Our acceptance is set forth in that blessed Man of a resurrection order. Many believers live too much in the Old Testament. They think of being purged with hyssop so as to be clean, and of their sins being made white as snow, and their transgressions being blotted out as a thick cloud, but they remain on the old ground of men in the flesh. The Christian is on a new footing altogether. The risen Christ is the measure of his acceptance, and of his clearance. It is a blessed thing to see Christ as the Sheaf of first-fruits; it takes us off the ground of good or improved self. By divine grace we are of the order of the heavenly One, and very soon we shall have actually left flesh and blood, and shall be conformed to His image.
Then fifty days (verse 16) after the waving of the sheaf of firstfruits came the feast of Pentecost, when the new meat-offering was waved before Jehovah. The saints of the assembly are the new meat-offering. In the absence of Christ God secures a company on earth to bring out in that company the blessed perfection of Christ. Note that as to the two wave loaves, “with leaven shall they be baken” (verse 17). There was to be no leaven in the meat-offering of Leviticus 2, which represented Christ personally, but in the new meat-offering there was leaven. But mark well, the loaves were “baken”. Baking arrests all the action of leaven. God deals with us so as to arrest the action of the leaven. He brings the fire to bear upon us so that self-judgment is wrought in us, and the leaven does not work. If the flesh is kept under judgment the fruit of the Spirit comes out in the saints; Christ comes out in us for the pleasure of God; we become the new meat-offering.

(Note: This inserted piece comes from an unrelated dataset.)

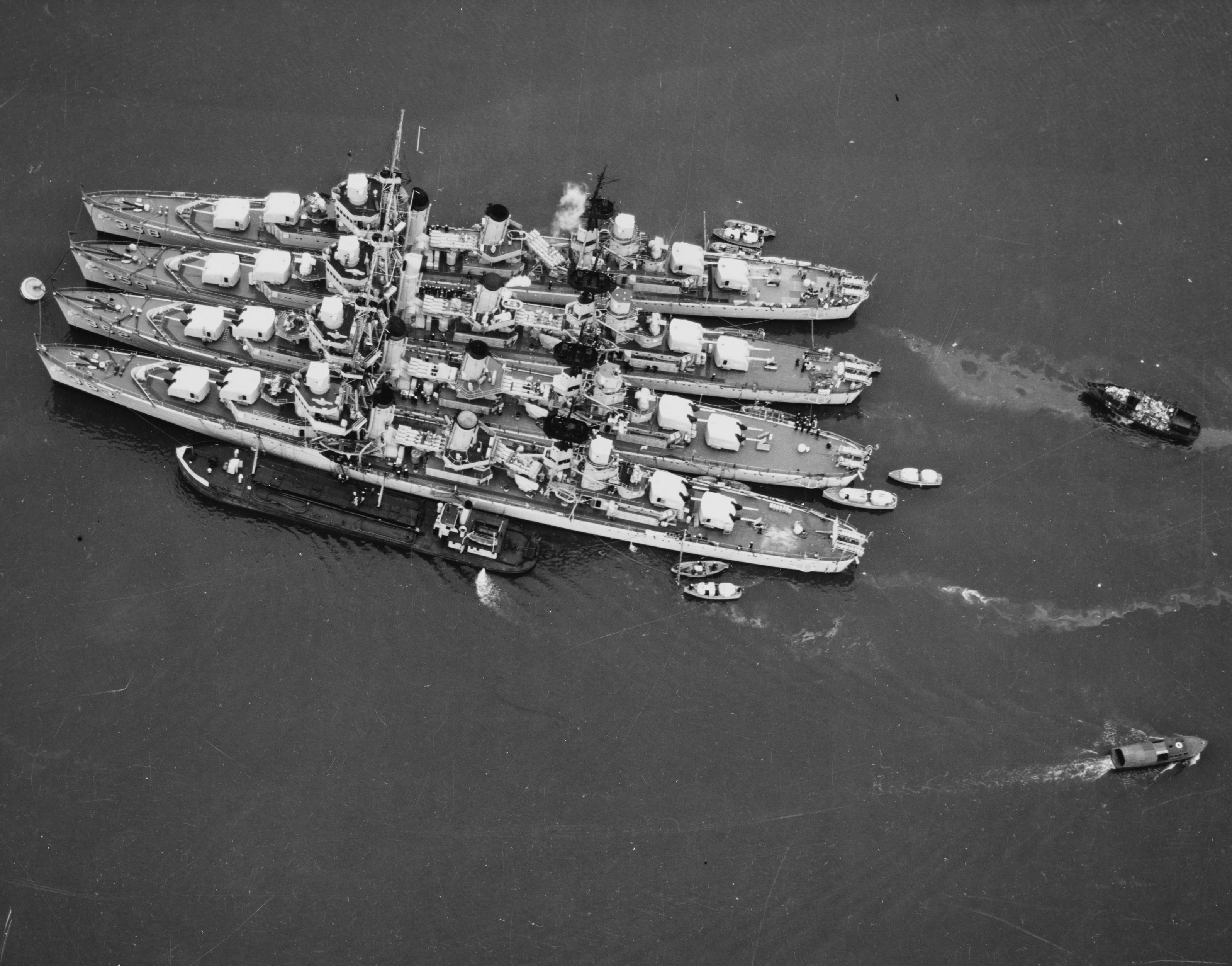| 93k | USS Balch (DD-363), USS Moffett (DD-362), USS Winslow (DD-359), and USS McDougal (DD-358) (listed from bottom to top) moored together at San Diego, California, March 1939. A harbor oiler is alongside Balch, and what appears to be a garbage lighter is astern of the four destroyers. Official U.S. Navy Photograph, now in the collections of the National Archives. | Fred Weiss |

We are in the feast of Pentecost now. At the end of Acts 2 we see the new meat-offering — three thousand people displaying the Spirit of Christ, walking in unselfish love, in [p. 131] unity, and joy, and praise (verses 41 - 46). People think it was wonderful that they should speak with so many tongues, but it was far more wonderful that three thousand persons should be found in unity, and that the Spirit of Christ should characterise them all, so that none said “that aught of the things which he possessed was his own” (Acts 4: 32). That was the new meat-offering, and that pentecostal company is on the earth still, and through grace we are part of it.

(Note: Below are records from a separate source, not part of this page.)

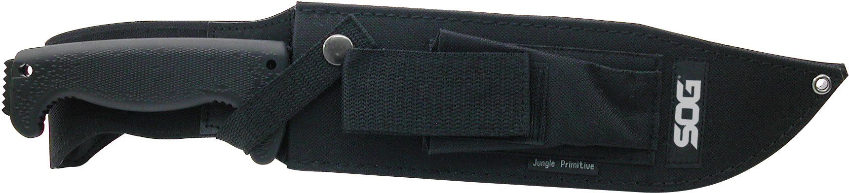 The SOG® Knives Jungle Primitive Knife is an all-purpose tool for survival around the camp or while hunting. Instantly use it as a small machete, hammer, or limb saw. The molded Kraton® handle features Digi-Grip™ and an aggressively curved front and back on the handle lessening the chance of slippage. The Jungle Primitive Knife includes a ballistic nylon belt loop sheath.
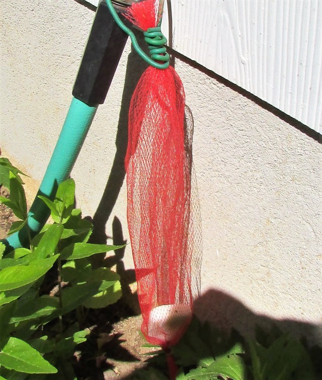 1. Are your hands too dirty to even touch the doorknob to get into the house? A net bag, think onions, potatoes etc., can be a terrific outdoor soap receptacle. I used some of my favorite flexible garden ties for this tip, wrapping the bag and attaching it to the hose spigot with the same tie.
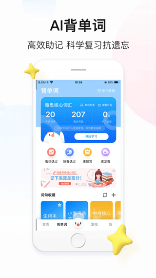 – 背单词:教、学、测、三位一体的背词模式,支持按同根词、考频、易错词、随机乱序等多种背词顺序,重点单词优先背。
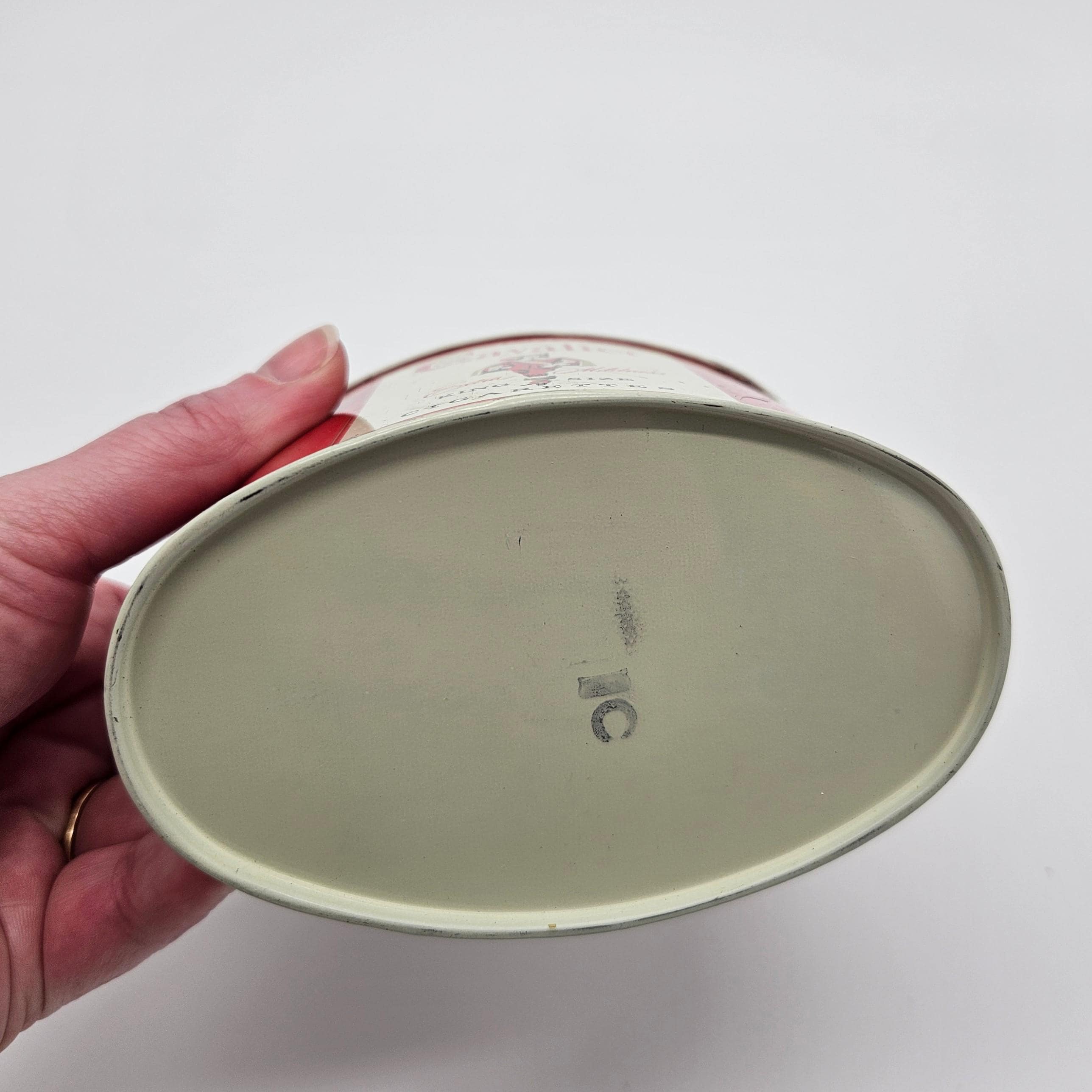 4" high, 4.5" long. Good vintage condition. Original lid and inner freshness insert present. Surface scratches, scuffs, and light discoloration consistent with age and use. Color remains strong and displays well. No major rust or holes. Clean interior and fully usable for storage.

God’s great thought is to bring Christ out in us. We first learn Him as our Passover sacrificed for us. Then we have to keep the feast of unleavened bread; there must be self-judgment. The first epistle to the Corinthians was all to bring them to self-judgment, to keep the feast. Then when they judged themselves the second epistle was written, full of the precious ministry of a risen and exalted Christ. In that second epistle we read, too, of God’s discipline which comes in to help us by the practical setting aside of the flesh. Paul was helped by the “thorn for the flesh” (2 Corinthians 12: 7). If we really desire that Christ should come out in us, God will help us. It is better to have a check put upon the flesh by the discipline of God than to have the best thing the devil could give you in the world. When the apostle was reduced to absolute weakness the power of Christ tabernacled over him. If the flesh is set aside and the power of Christ tabernacles over us, and the Spirit of Christ is in us, the result will be that the life of Jesus will be manifest in our mortal flesh. We shall be found here as the new meat-offering.